After finding "면담을 가졌다.(사진=경기도북부청) |" in a line below, print that line and the rest of the lines exactly, leaving out all pictures.
═══ Record set ═══
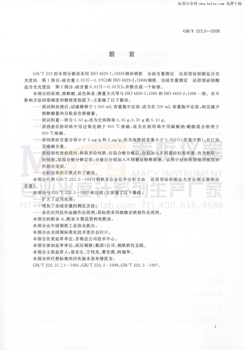 1Cs77.080.01H11GB中华人民共和国国家标准GB/T223.5-2008代替GB/T223.5-1997钢铁酸溶硅和全硅含量的测定还原型硅钼酸盐分光光度法Steel and iron-Determination of acid-soluble silicon and total silicon content-Reduced molybdosilicate spectrophotometric methodHTTOaRanwc6Part 1:Silicon contents between 0.05 and 1.0%&ISO 4829-2:1988Steel and iron-Determination of total silicon content-Reducedmolybosilicate spectrophotometric method-Part 2:Siliconcontents between 0.01 and 0.05%,MOD)2008-08-19发布2009-04-01实施中华人民共和国国家质量监督检验检疫总局数码伪中国国家标准化管理委员会发布
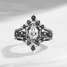 Coffin Lab Diamond Crescent Engagement Ring 3pcs Moon Bridal Ring Vintage Engagement Ring Art Deco Vintage 'Black Statement' Ring Set 3pcs
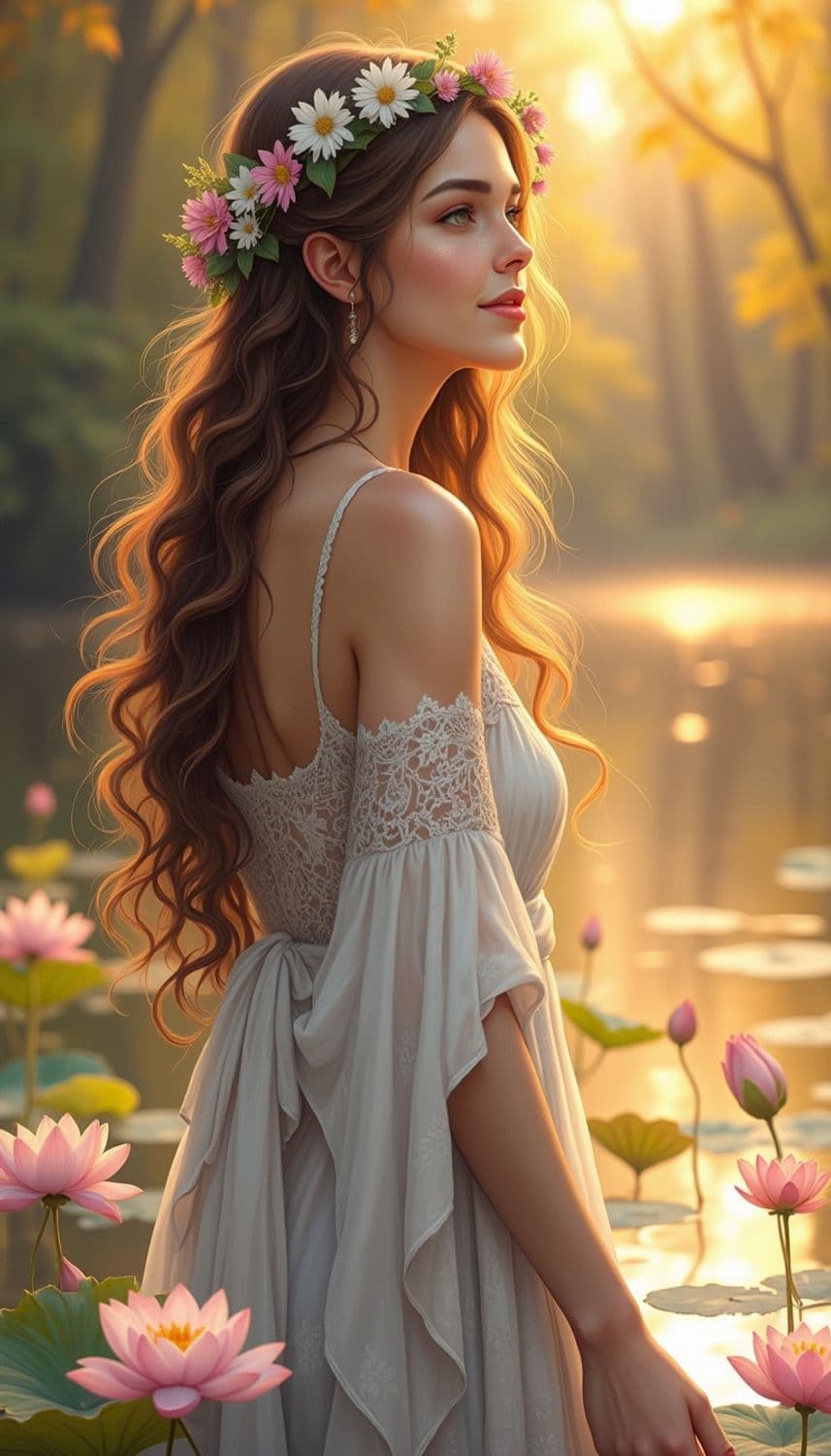 A serene goddess stands by a tranquil lake, surrounded by blooming lotuses. She wears a flowing white gown with delicate lace details, and a crown of flowers adorns her head. Her skin is a warm, sun-kissed bronze, and her gentle smile exudes peace and harmony. The setting sun casts a golden reflection on the water, enhancing the serene and divine atmosphere. The style is peaceful and harmonious, with a focus on natural beauty and tranquility.
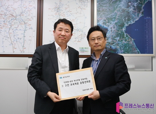 ▲ 지난 20일 오후석 행정2부지사가 『인덕원~동탄 복선전철 건설공사』 全 구간 조속착공 관련 중앙부처를 방문하여 공동건의문을 전달하고 국토교통부 철도국장과 면담을 가졌다.(사진=경기도북부청) |
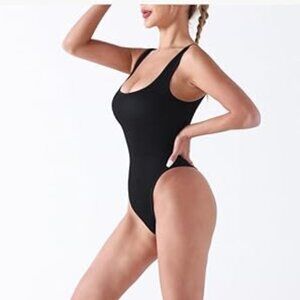 Sexy Ribbed Square Neck Thong Bodysuits, flattering square neckline, thong,sleeveless, wide set straps simple in design,don’t see through
═══
**Task answer**
 ▲ 지난 20일 오후석 행정2부지사가 『인덕원~동탄 복선전철 건설공사』 全 구간 조속착공 관련 중앙부처를 방문하여 공동건의문을 전달하고 국토교통부 철도국장과 면담을 가졌다.(사진=경기도북부청) |
 Sexy Ribbed Square Neck Thong Bodysuits, flattering square neckline, thong,sleeveless, wide set straps simple in design,don’t see through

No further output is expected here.